Check your website host to see if your backup files are there. You can also do this before creating a backup manually, as most host platforms automatically back up data.
Change access keys and passwords.
Attackers mainly use brute force to crack the login details of website admins. When you change passwords, you slow their activities and put one more stumbling block for other security risks.
Update your WordPress
When your WordPress is outdated, your website is susceptible to hacks. Eliminate risks by constantly updating them.
Check for recent changes.
Every activity on a WordPress site is logged. Check for any suspicious activity.
Remove Symlinks
Symlinks are shortcut files that point to other directories. Hackers breach symlinks to access a site’s root directory.
Reset file and Folder permissions
When you suffer a website attack, reset all file and folder permissions to their default value.
Re-install WordPress Core Files
Now, to re-install WordPress, check if you still have access to your dashboard. If you do, go to “Updates” and click “Re-install now.” However, if you don’t have access to your WordPress dashboard, use an FTP client.

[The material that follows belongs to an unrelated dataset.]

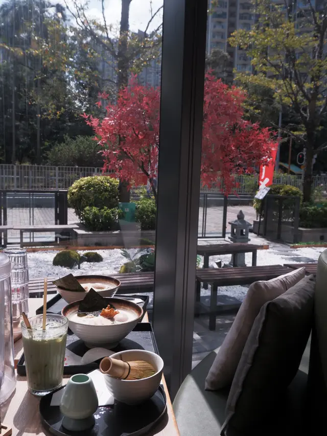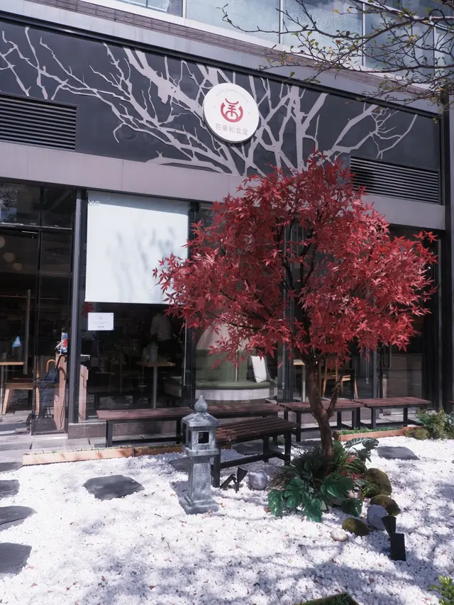 𖤐ˊ˗門口設有日式的楓葉庭園,
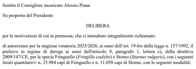 - 25.984 Fringuelli e 11.058 Storni in Liguria (previsti dalla DGR n. 335 del 10/7/2025) – Visionabile in modo integrale cliccando qui

- Create an FTP connection
- Find the wp-content folder in your server’s root directory. Right-click and “download.”
- Visit your cPanel dashboard. Click the “Website” and “auto-installer” buttons. Choose the WordPress option you need and “overwrite existing files.”

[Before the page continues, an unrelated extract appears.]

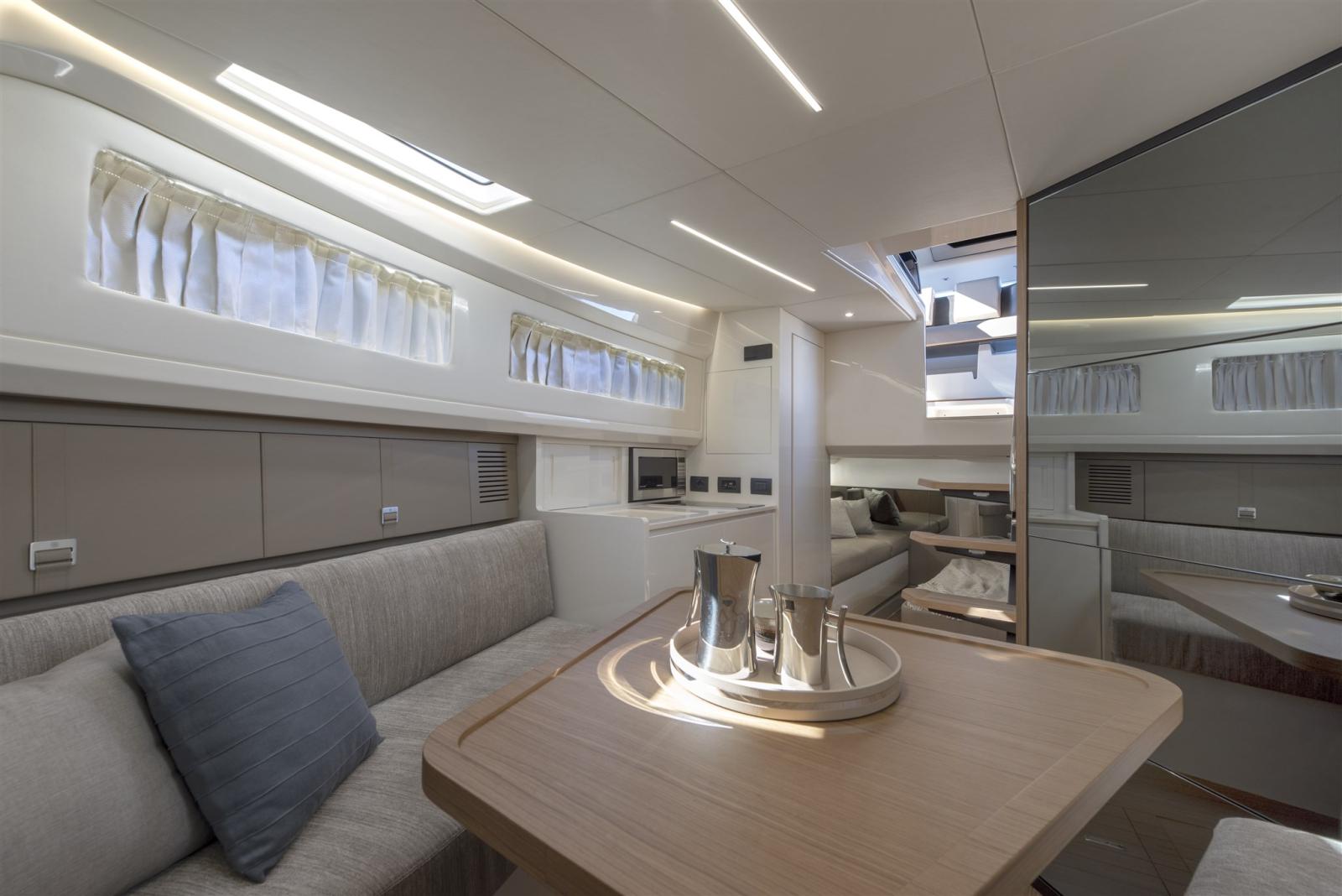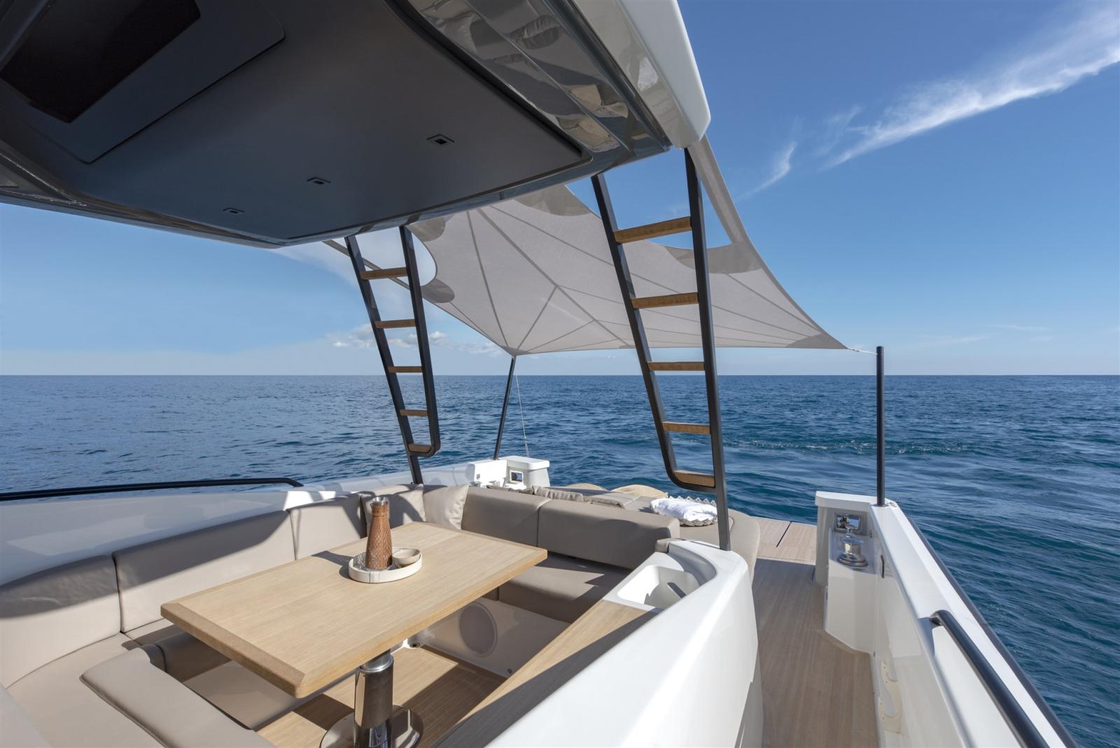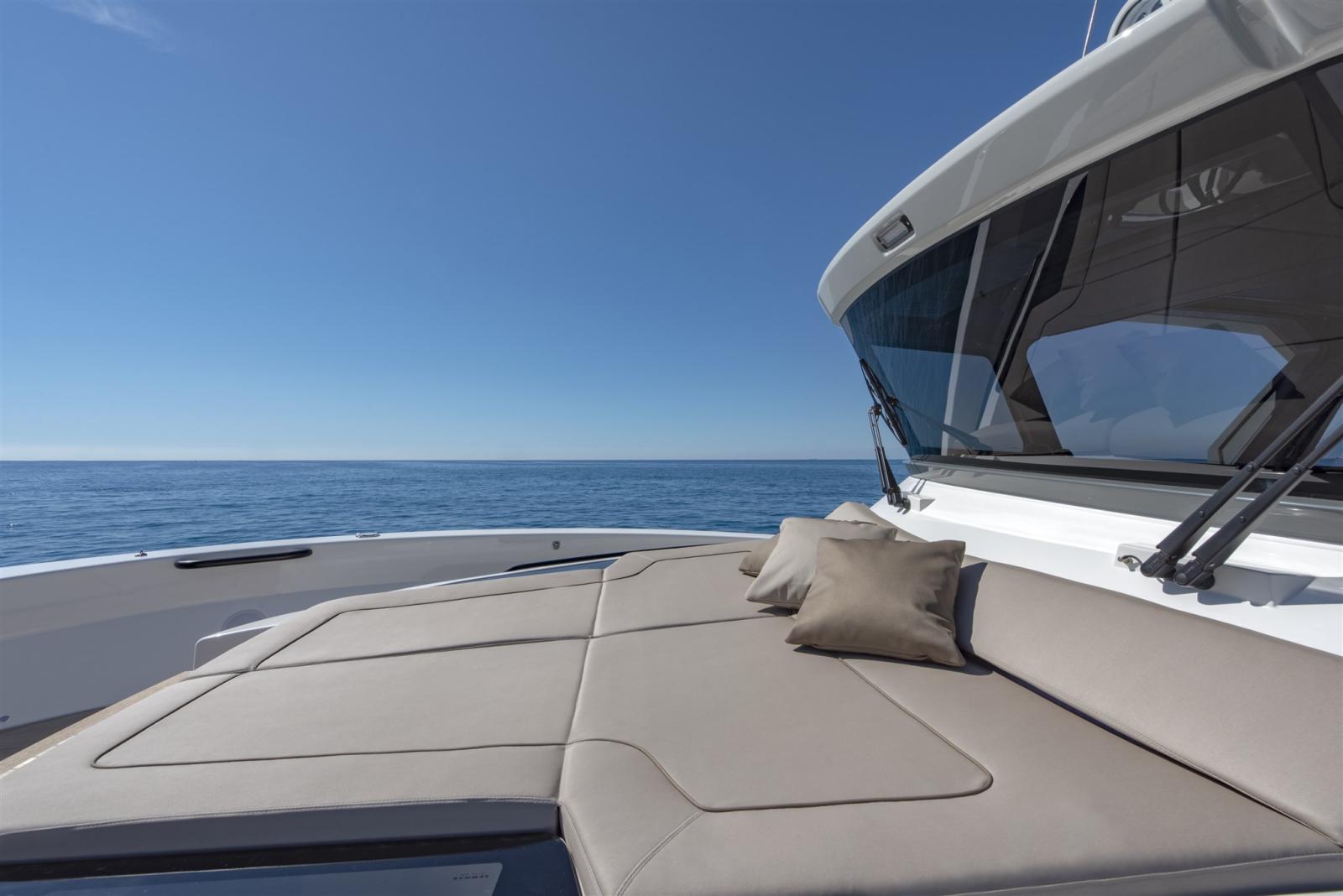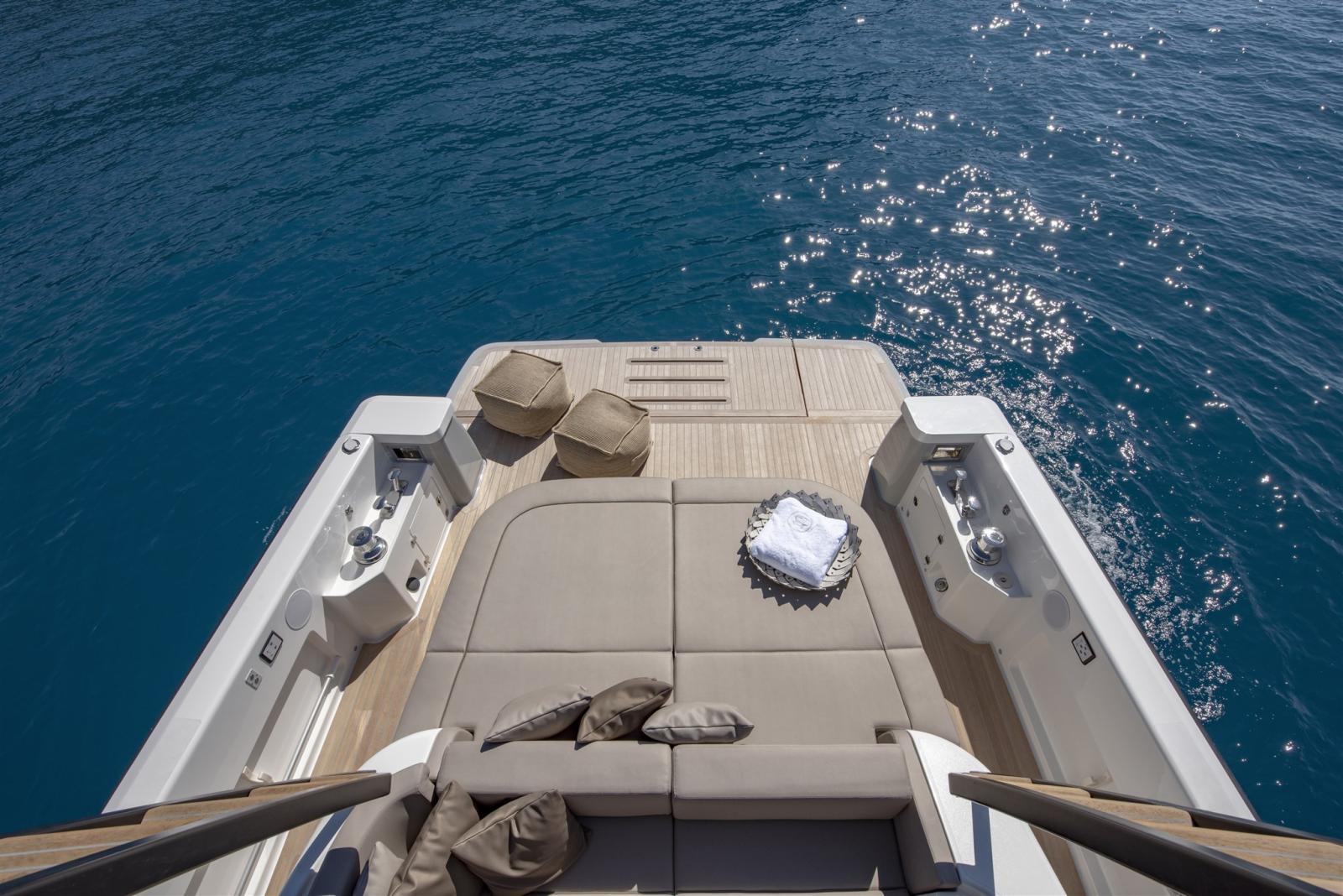Alarme gaz, Alarme de pompe de cale, Ancre (15 kg SS Bruce type with 75m galvanized chain 8mm), Ouverture du compartiment moteur électrique, Auto Dynamic Trim Interceptor, Eau sous pression, 4 Batteries (For generator, engines and service), 2 Taquets pliants (mid ship + 4 fixed), Système de vidange, Passavant en teck, Chargeur de batterie (50 Ah), Douche de cockpit, Phares fixes arrière (Front and front docking lights), Phare de poursuite (with RC), Flaps électriques (Trim Tabs), Hard top (Full carbon fiber wiht 2 ladders to sundeck), Extincteur(s) fixe(s), Indicateurs de flaps, Lavage de chaine, Lavabo dans le cockpit, Éclairage de courtoisie, 2 Spots sous-marins, Passerelle (hydraulic), Plateforme arrière (with 400 kg hydraulic tender lift), 4 Pompe de cale automatique, Porte latérale (sliding), Cockpit en teck, Prise de quai (16 Ah with 15m cable), Guindeau électrique (1.000 W), Echelle de bain, Stabilisateurs (gyroscopic Seakeeper 3), table de cockpit (Electric telescopic), Table pliante de salon (Electric telescopic), Corne, 2 Winch électrique arrière, Winch électrique avant.

- Return to the FTP client, and reload the directory. Then, upload the “wp-content” folder you downloaded before back to the root folder.
Compare Clean and Infected WordPress installations.
You can use your FTP client to compare the two folders. Pay attention to differences in the Javascript and PHP files – that’s where malware can be added.
Remove PHP files from uploads.
Remove PHP files from the ‘uploads’ folder, as they may be responsible for the breach on your site.
Find the backdoors in your files.
Backdoors are loopholes hackers put in your files to make your security system vulnerable. Hence, you must remove the infected files. Malware creating backdoor often look like core site files, so you must be careful. You’ll often find backdoor injection in the “uploads” folder, plugins, themes, etc.
Check the SQL database.
Malware injections can also affect the database. So, when you’re done cleaning your WordPress core files, check your database. Export your MySQL database files as .sql. You can do that with phpMyAdmin. You can do your inspection of the database file with Sublime Text Editor. Don’t delete any suspicious input yet. Go to the next step.
Review the code
Check for all the suspicious activities on every page and aspect of your website. Try to match the activities with the malicious codes you find in step 6 above. If they match, remove or reformat the content. You should also delete all spam messages you see.
Remove your site from blocklists.
When you’re done cleaning your website, remove your site address from Google’s blocklist. You can use Google Search Console for that. Go to the admin dashboard and click “Security & Manual actions,” then “Security issues.” Then, you can click on “I have fixed these issues.” Finally, “Request a review.”
Conclusion
If you don’t want to remove malware manually, you can use special WordPress plugins. If the problems persist, reach out to a professional malware removal service.